Monthly Report May-25: US Markets Rebound in May as Trade Negotiations Advance

Monday June 2 2025 08:06

Key Factors

  1. Oil Market Volatility
    OPEC+’s potential output increase in July caps prices amid signs of softening demand.
    Sentiment reflects a shift from price defense to reclaiming market share.
  2. BoE Policy Outlook
    Sticky food inflation dampens expectations for further BoE rate cuts.
    Officials remain cautious, with consensus forming around just one additional cut.
  3. Fed Positioning
    Chair Powell reiterated the Fed’s independence, tying any policy move to incoming data.
    Summary of Economic Projections may reshape expectations for 2025 cuts.
  4. Tariff Legal Uncertainty
    Federal appeals court temporarily reinstated Trump’s tariffs.
    Ongoing tariff unpredictability increases investor risk aversion.

Gold Outlook

The legal uncertainty surrounding Trump’s sweeping tariff agenda continues to inject volatility into the global trade and financial landscape.
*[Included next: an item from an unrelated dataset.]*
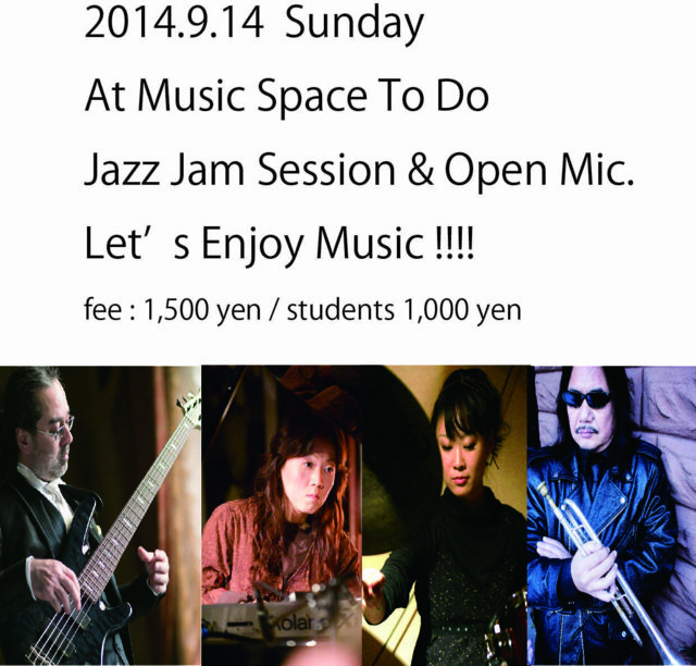 2014-9-14 Sunday start at 15:00 end at 18:00 Jazz Jam & Open Mic. at Music Space To Do 2014ǯ9·î14Æü¡¡ÆüÍËÆü¡¡15:00¡Á18:00 at Music Space To Do ÃæÄÅ ¡Ú¥Û¥¹¥È¡Û ¹ÔËÜÀ¶´î¡¡tp º´ÂíËã´õ¡¡pf ¥°¥ó¥¿¡¼¡¦¥¤¥·¥¤ b Ä»³ÀÍ¥±© ds ¡Ú»²²ÃÈñÍÑ¡Û °ìÈÌ¡¡1,500±ß ³ØÀ¸¡¡1,000±ß ¸«³Ø¡¡1,000±ß ¥Ü¡¼¥«¥ë¤ÎÊý¤Ï £²¶Ê¤Û¤É¥ê¥¯¥¨¥¹¥È¤·¤Æ¤¯¤À¤µ¤¤ Áª¶Ê¤Ï [The Handbook Of Jazz Standerd] (Ä̾Ρ¡¡ÖÀÄËÜ¡×¡Ë [¥¹¥¿¥ó¥À¡¼¥É¡¦¥¸¥ã¥º¤Î¤¹¤Ù¤Æ] [¥ê¥¢¥ë¡¦¥Ö¥Ã¥¯] [¹õËÜ] ¤«¤é¤ª´ê¤¤Ã×

While a federal trade court recently blocked many of the tariffs, considering the methods used to implement them unlawful, a federal appeals court has since granted a temporary stay, allowing the tariffs to remain in effect for now. This pause enables further legal review and delays any meaningful change to the current tariff regime, though the final outcome remains unsettled.

This legal back-and-forth leaves U.S. trade policy in a state of confusion. Tariffs covering steel, aluminum, and specific Chinese imports remain in place, but others, like flat-rate “reciprocal” tariffs, are at risk pending judicial review. Meanwhile, the Trump administration shows no signs of backing down, hinting at alternative strategies and a willingness to escalate the issue to the Supreme Court if necessary. In parallel, trade negotiators are pursuing separate discussions with key partners such as India and the EU, signaling that behind-the-scenes diplomacy is still active despite the legal headwinds.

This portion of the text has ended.